Off The Wire
Trump, South Korea's Moon stress diplomacy for North Korea
WASHINGTON (Reuters) - U.S. President Donald Trump said on Thursday he would leave sanctions in place on North Korea as he and South Korean President Moon Jae-in discussed ways to get U.S.-North Korea nuclear talks back on track after a failed summit in Hanoi.
Trump, in Oval Office talks with Moon, left open the possibility of a third summit with Kim Jong Un but would not comment on whether he had communicated recently with the North Korean leader. The two men occasionally exchange letters.
North Korea, which has suspended nuclear tests and missile launches, has been pressing for sanctions relief but has not taken meaningful steps toward denuclearization. Little progress has been made between the United States and North Korea despite obvious good will between Trump and Kim.
Trump, asked by reporters whether he was prepared to ease some sanctions on North Korea, said he and Moon were discussing “certain humanitarian things” and the possibility of South Korea helping the North with food.
Of sanctions, he said, “We could always increase them, but I didn’t want to do that at this time.”
Moon said he does not view the Hanoi, Vietnam summit, held in February, as a failure, but part of a longer “process” with the North. Moon said he agrees with Trump on the “ultimate goal” of total denuclearization by North Korea.
“The important task that we face right now is to maintain the momentum of dialogue and also express the positive outlook regarding the third U.S.-North Korea summit to the international community, that this will be held in the near future,” Moon said.
Moon arrived in Washington late on Wednesday and held talks with U.S. Secretary of State Mike Pompeo, Trump’s national security adviser John Bolton and Vice President Mike Pence before moving on to the White House.
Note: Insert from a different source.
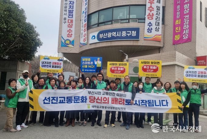 한국시사경제 김숙영 기자 | 부산광역시중구새마을회(회장 이형목)는 지난 19일 중구청 앞에서 ‘부산시민 교통안전 캠페인’을 펼쳤다. 회원들은 현수막과 피켓을 이용해 시민들에게 교통법규 준수의 중요성을 알리고, 안전한 보행환경 조성에 적극 동참해 줄 것을 당부했다.

Ahead of his trip, aides to Moon stressed the need to revive U.S.-North Korea talks as soon as possible after a second summit between Trump and Kim collapsed in Hanoi on Feb. 28.
Moon has put his political reputation on the line in encouraging negotiations between the United States and North Korea aimed at persuading Kim to give up a nuclear weapons program that now threatens the United States.
He has stressed the need to offer North Korea concessions to encourage negotiations, but Washington appears to have hardened its position against a phased approach sought by Pyongyang in which gradual steps would be rewarded with relief from punishing sanctions.
Trump said he was open to a step-by-step approach but would need to see the details.
“There are various smaller deals that maybe could happen. Things could happen. You could work out, step by step, pieces. But at this moment, we’re talking about the big deal. The big deal is we have to get rid of the nuclear weapons,” he said.
The Hanoi meeting collapsed amid conflicting demands by North Korea for sanctions relief and U.S. insistence on its complete denuclearization.
On Thursday, North Korean state media said Kim had told a meeting of the ruling Workers’ Party of Korea on Wednesday that he would push forward with efforts to make the economy more self sufficient “so as to deal a telling blow to the hostile forces who go with bloodshot eyes miscalculating that sanctions can bring (North Korea) to its knees.”
Last month, a senior North Korean official warned that Kim might rethink a moratorium on missile launches and nuclear tests in place since 2017 unless Washington makes concessions such as easing economic sanctions.
North Korea’s state media said on Wednesday that Kim had chaired a politburo meeting on Tuesday to discuss ways to make progress under the “prevailing tense situation.”
Pompeo said last week he was “confident” there would be a third summit between Trump and Kim and that while he did not have a timetable, he hoped it would be soon.
Kim and Moon met three times last year and Kim promised to visit South Korea in return for the South Korean leader’s visit to Pyongyang in September. Analysts say a fourth Kim-Moon meeting could help toward another meeting between Kim and Trump.
Moon’s top nuclear envoy Lee Do-hoon said on Friday that sanctions were necessary to deter North Korea from “making bad decisions” but could not solve all unresolved problems.
At a Senate hearing on Wednesday, Pompeo stressed that “core” U.N. sanctions would have to remain until North Korea’s complete denuclearization, but reiterated past statements that some easing might be possible if it took significant steps.